Photo: Robyn Moro, her husband Lenard Moro, and her lawyer Jay Aubrey from the BC Civil Liberties Association.

January 28, 1949 – August 31, 2017

“Never forget that justice is what love looks like in public.”
– Cornel West

 

Dear Robyn,

Thank you for your courage. You strove to prevent others from suffering unbearably without choice, as you have had to suffer. You joined the legal challenge to Canada’s assisted dying laws and opened your life to public comment and scrutiny. Despite how you treasured your privacy, you bravely shared the most intimate details of your life in the hopes that your suffering could prevent others from suffering. These are acts of heroism.

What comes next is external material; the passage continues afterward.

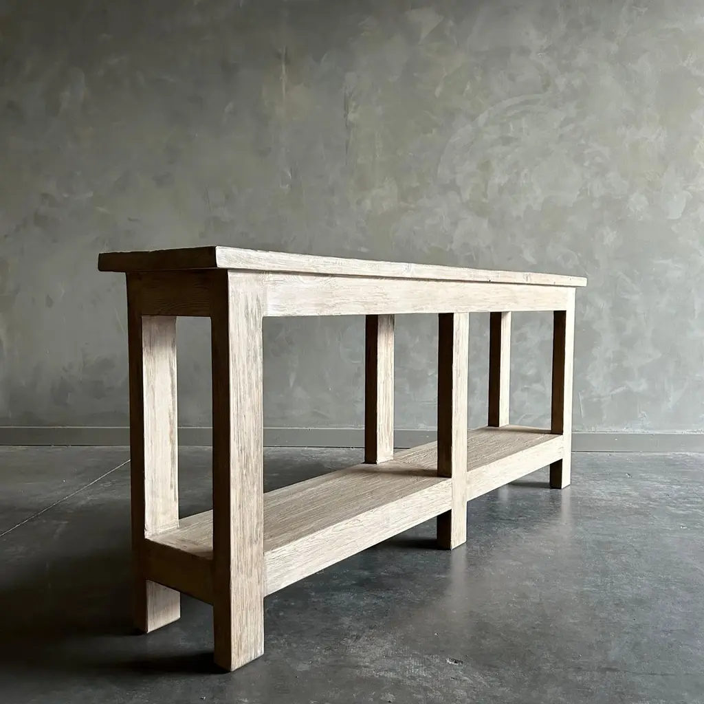 MORI CONSOLE NATURAL FINISHNatural reclaimed elm wood console that is beautifully crafted and serves as the perfect storage solution for any space. Since this is made from vintage reclaimed materials, there may be some imperfections in the piece or grain of the wood. We like to call that character. Please note this item is handcrafted and slight variations can be expected from piece to piece.Size: 80”w x 18.5”d x 30”

Thank you for your strength. Hour after hour, day after day, you worked on the legal challenge amidst severe muscle pain from your Parkinson’s disease, persistent migraine headaches, nausea, vomiting, sleeplessness, and exhaustion. Despite your pain, you never faltered in your conviction to fight unjust laws that deny individuals the final choice over how much suffering they will endure prior to their death.

Thank you for your love. You laboured long and hard on this case with the knowledge that you could not live to see the final outcome. Without any expectation of personal benefit, your choice was born of deep care for the well-being of others – a level of care that your beautiful family and friends know to be emblematic of how you lived your entire life.

Thank you for your example. In choosing to gently let go of life with the assistance of a medical doctor, and limit the amount of suffering you would endure, your death was a final, courageous show of compassion to yourself. With this act of love you gave all of us a final gift: the knowledge that we are all worthy of our own love, and that the circle of compassion includes each of us.

We say goodbye for now, with the promise that we will continue to fight for compassion and choice.